Except for Vlad. He never cared. He never cared that he was the push that drove them to do their demise. He never cared that because of him, many of us were teetering on a knife's edge. He showed absolutely no remorse whatsoever as another was buried, in the special graveyard Alec had for his slaves. As I looked over the site, and the dozen or so white crosses that marked the final resting place of a suicide, I became more and more frightened of him.

As frightened as I was then, I could always become more so. Just when I thought he couldn't become any more evil, Vlad's sadistic tendencies began to emerge slowly, as he would hit servants and slaves for no reason. He kept up his usual abuse, of course. But he normally waited until we made a mistake to inflict bodily harm upon us, and began doing so with no justification later. And harder. I still have many scars inflicted by him. The deep one across my arm is from a kitchen knife. I'd tried particularly hard not to make any mistakes, even small ones that day. Perhaps that was frustrating him, and that's why he did it. To this day, I still don't know why he grabbed my arm and drove the knife into it, other than because he wanted to cause me pain... but the scar will be with me the remainder of my life.

True to my vow, I never cried, screamed or yelped in front of Vlad. This seemed to frustrate him more, and determined to get me to crack he localized abuse on me more often. Perhaps that's why he did it. Unfortunately for him, this only made me more determined to show him I could take it.

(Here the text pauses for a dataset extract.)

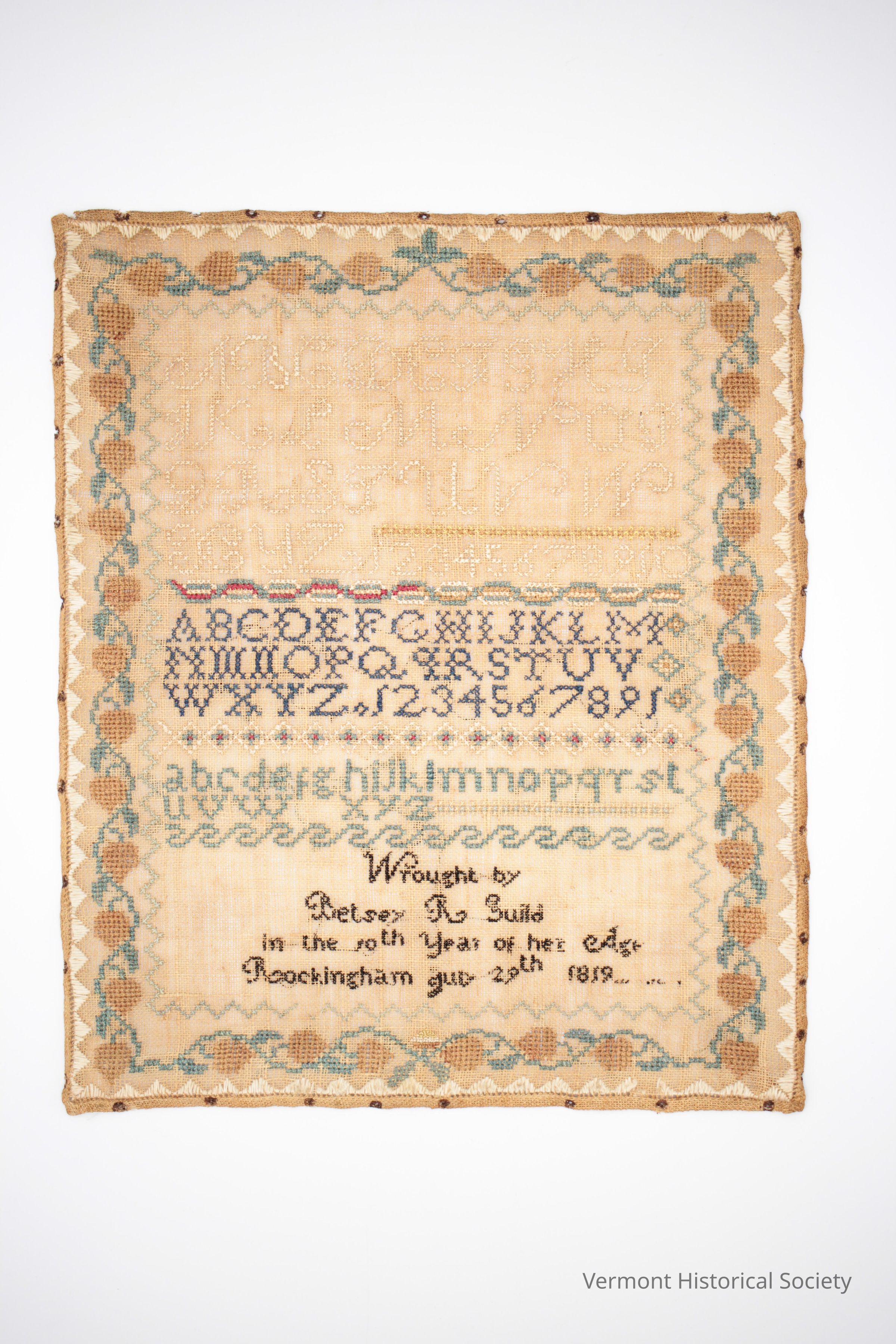Text on linen (might be homespun) sampler begins at the top with a cursive, upper case alphabet in cream followed by the numbers 1-10. A red, white and blue border followed by an upper case, blue block alphabet. Another red, white and blue border (diamond) followed by a pale blue, lower case alphabet and a wave-like pale blue border. At the bottom "Wrought by/Betsey R Guild/in the 10th Year of her Age/Rockingham July 29th 1819xxxxxxxxx" The perimeter includes three borders. On the outside is a cream triangle design, center has a brown and blue vine and floral, inside a pale blue zig-zag.Acquisition

I began secretly working to improve my strength by day. Vlad knew that I was normally nocturnal, as was he, and I could therefore work with minimal interruption during the daylight hours. Between this and his abuse, I toughened up. And between his abuse and my resolution to not show him pain I began to near the end of my rope. But my self-control was strong enough to keep me from lashing at him. I knew I wouldn't have a chance against him if I did... yet, anyway. And I was determined to put up one hell of a fight when I finally did snap.

All well in theory. Things rarely go according to plan, as many of us know. Just when I thought I could take him, months worth of secret training behind me, something unthinkable happened. Something that shouldn't have happened. Not to me, not to anyone. It was a horrible accident with dire consequences, but as we all know... accidents happen.